The Egyptian Society of Accountants and Auditors (ESAA), part of the International Federation of Accountants (IFAC), offers courses on the new standards to its 5,000 members, but there has been minimal IFRS outreach to the overall accounting community.
‘That is just 5,000 out of 100,000 accountants [in the country],’ Dahawy points out. ‘Many of our older gentlemen or ladies in accounting have no idea what the standards are. There needs to be mass education courses at low costs and with no exams, just pass or fail, as you can’t implement standards if people don’t know them.’ He would also like to see an accounting law defining the profession and qualifications.
Farid agrees it is not the rules and standards that need improving, but training. ‘There is room for improvement due to the vast number of personnel in this area and the diversity of their backgrounds [with a need for continuous training],’ he says.
As well as the usual tension between academic and technical training, Egypt faces particular issues. Different accounting standards are taught at universities, including IFRS, Certified Public Accountant (CPA) standards and US GAAP, along with the Egyptian standards themselves, published in Arabic.
The primary route to enter the profession is to train for three years at a firm and automatically become a certified accountant after eight years. The second track is through the ESAA, which requires examinations over a three-year period.

 

 Catch-22

 

Differences in courses, standards and language ability can bring complications. ‘Now, even with CPA, the society asks you to sit two exams, law and tax, which is a disaster, as you may be fluent enough in English for the CPA, but not fluent enough in Arabic for the accounting and auditors exam. It’s a catch-22,’ says Dahawy.
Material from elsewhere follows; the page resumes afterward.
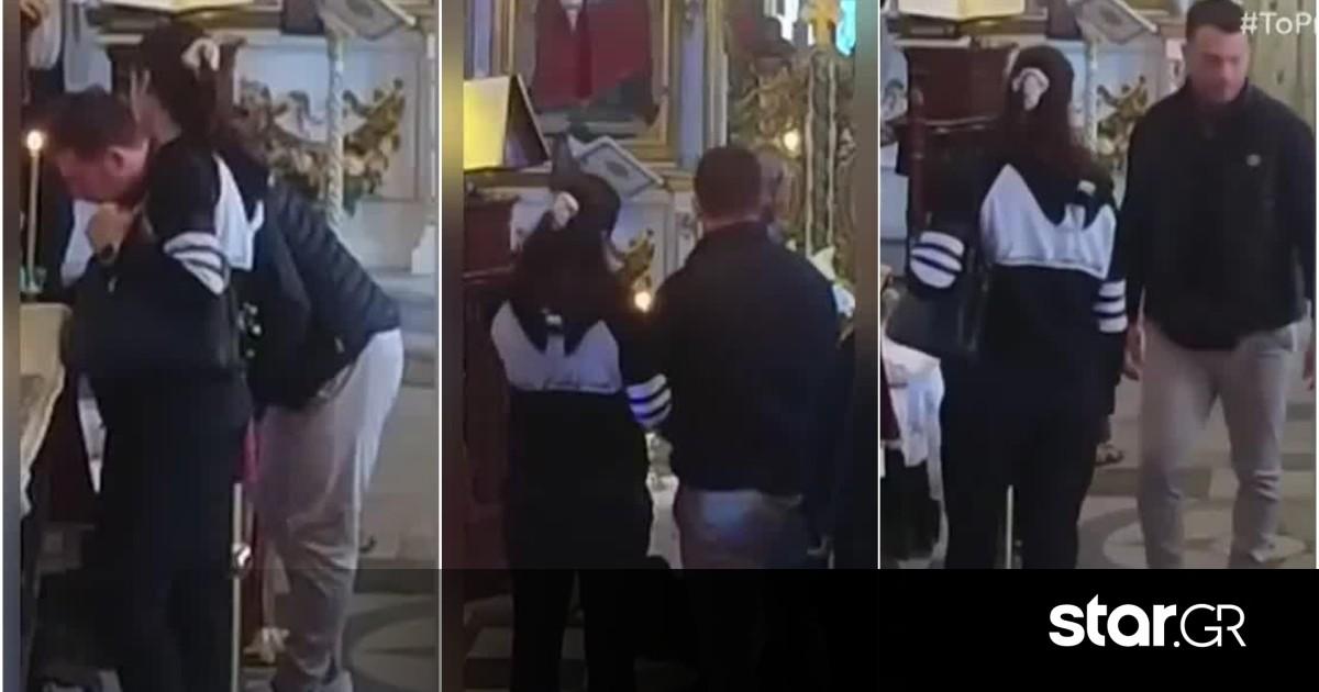 Στο πλευρό του ήταν η εγκυμονούσα σύζυγός του, Δήμητρα Βαμβακούση, η μητέρα της και άλλοι συγγενείς. Εικόνες μέσα από τον ιερό ναό δημοσίευσε η σελίδα «ό,τι συμβαίνει στη Σκιάθο news».

Work was under way before 2011 to establish an Egyptian accounting body to govern the sector but, as with the SME standards, it was put on hold by the revolution. Khaled is hopeful that with more political stability and economic growth such a body will be created and other laws passed to drive development, including legislation on taxation, which is increasingly coming under global regulatory scrutiny.
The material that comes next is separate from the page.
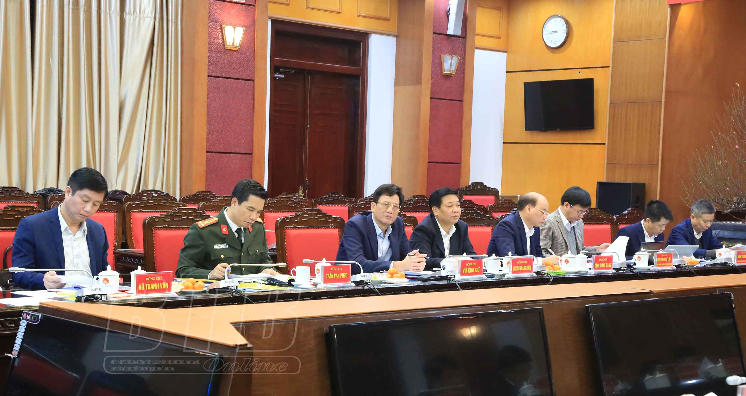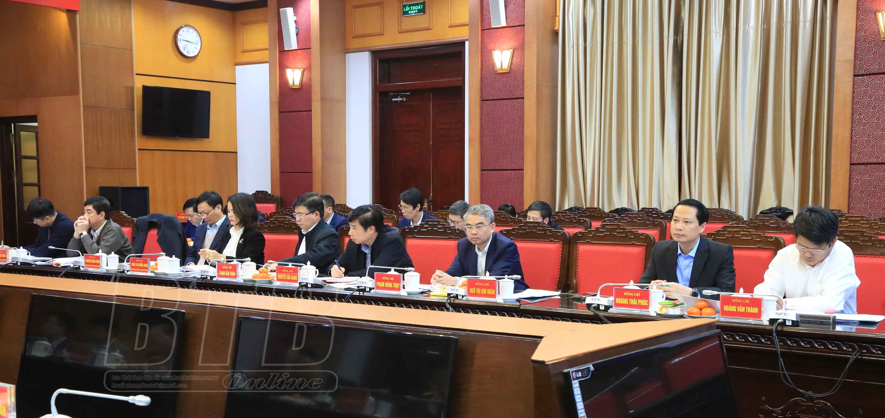 Các đồng chí: Ngô Đông Hải, Ủy viên Ban Chấp hành Trung ương Đảng, Bí thư Tỉnh ủy; Nguyễn Tiến Thành, Phó Bí thư thường trực Tỉnh ủy, Chủ tịch HĐND tỉnh; Nguyễn Khắc Thận, Phó Bí thư Tỉnh ủy, Chủ tịch UBND tỉnh chủ trì hội nghị. Đại diện các ban Đảng trung ương dự hội nghị.

Khaled says: ‘Accountants have their own ways to deal with tax matters, and that needs to change. It is on its way. It comes down to a number of things, the legal and administrative system. We have a reasonable legal framework; it is the administrative loopholes that, if I may say so, need to be mitigated.
‘One way to enforce taxation is if we make efforts towards introducing the parallel economy into the tax system.’
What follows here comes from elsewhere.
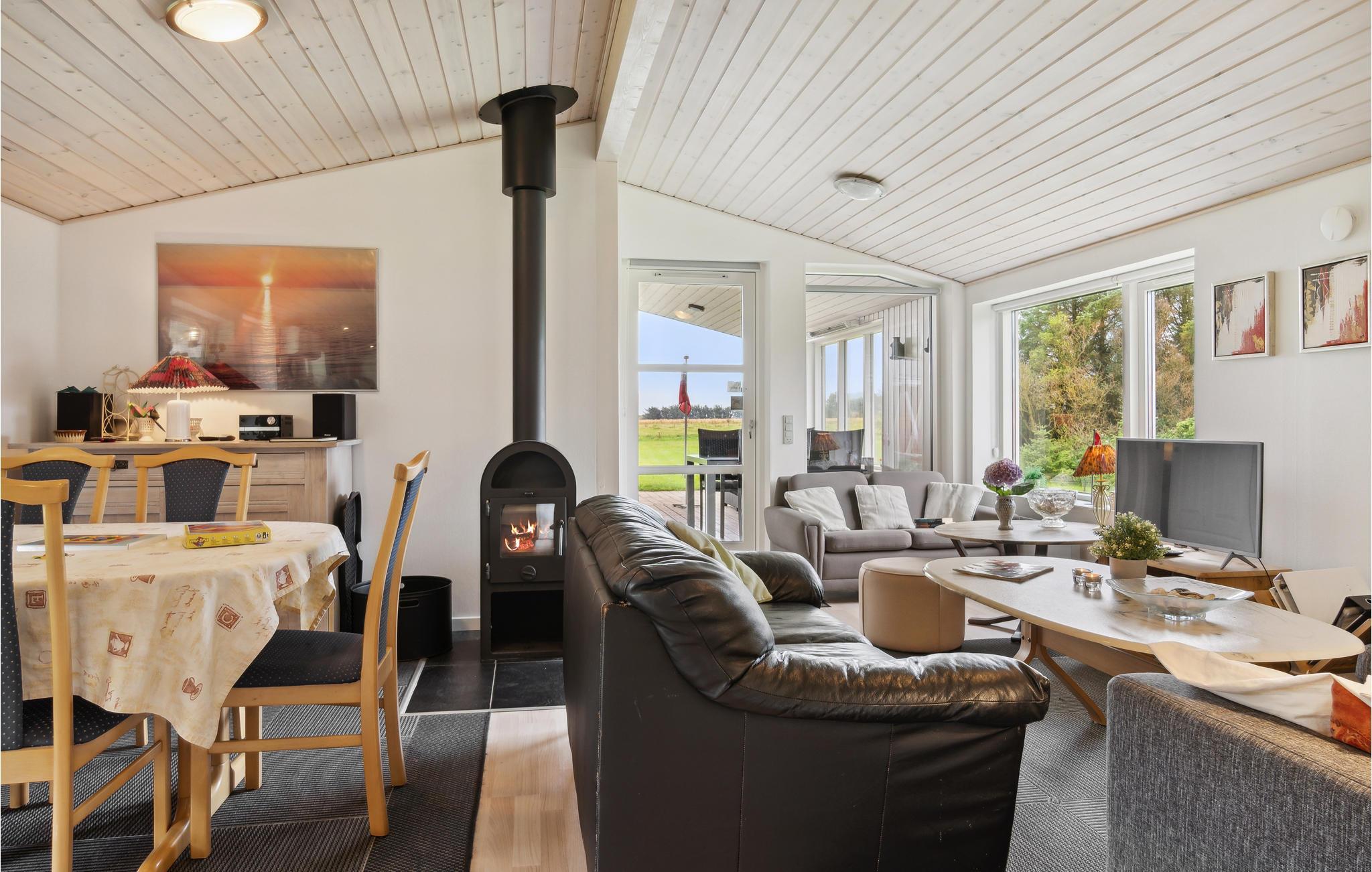 Renoviertes Ferienhaus nahe dem Strand von Nr. Lyngby mit Terrasse, Kamin und moderner Ausstattung.

Dahawy sees an updated code of ethics as key to such change: ‘The previous code dates back to 1933, which is a disgrace. There is, in general, great confusion between what is legal and what is ethically correct, and there needs to be work to understand the difference.’
Such improvements would include greater oversight and enforcement of auditing laws. ‘I don’t recall anyone going to jail recently for an accounting problem, just one in 20 years,’ he says.
In the immediate term, Egypt has been pinning investment hopes on the results of the government-organised Egypt Economic Development Conference, held in March in the Red Sea resort of Sharm El-Sheikh. The aim of the conference was to attract US$10bn to US$20bn in investment, with some US$12bn earmarked for infrastructure projects, showing that Egypt is once again open for business.
While there is optimism, low oil prices may mean less than expected investment from the oil-rich Gulf countries. Ongoing attacks within Egypt on the security forces, conflict in neighbouring Libya, and instability in much of the Middle East may also influence investment commitments. In the medium term, greater adoption of international accounting standards could be critical in attracting FDI beyond infrastructure and high-profile projects.
Dahawy says: ‘To get the FDI that Egypt needs, there should be the stamp of something the investor understands. It’s in everybody’s interest that we move to internationally accepted standards, and more than that, implement them, which we are fighting to do right now.’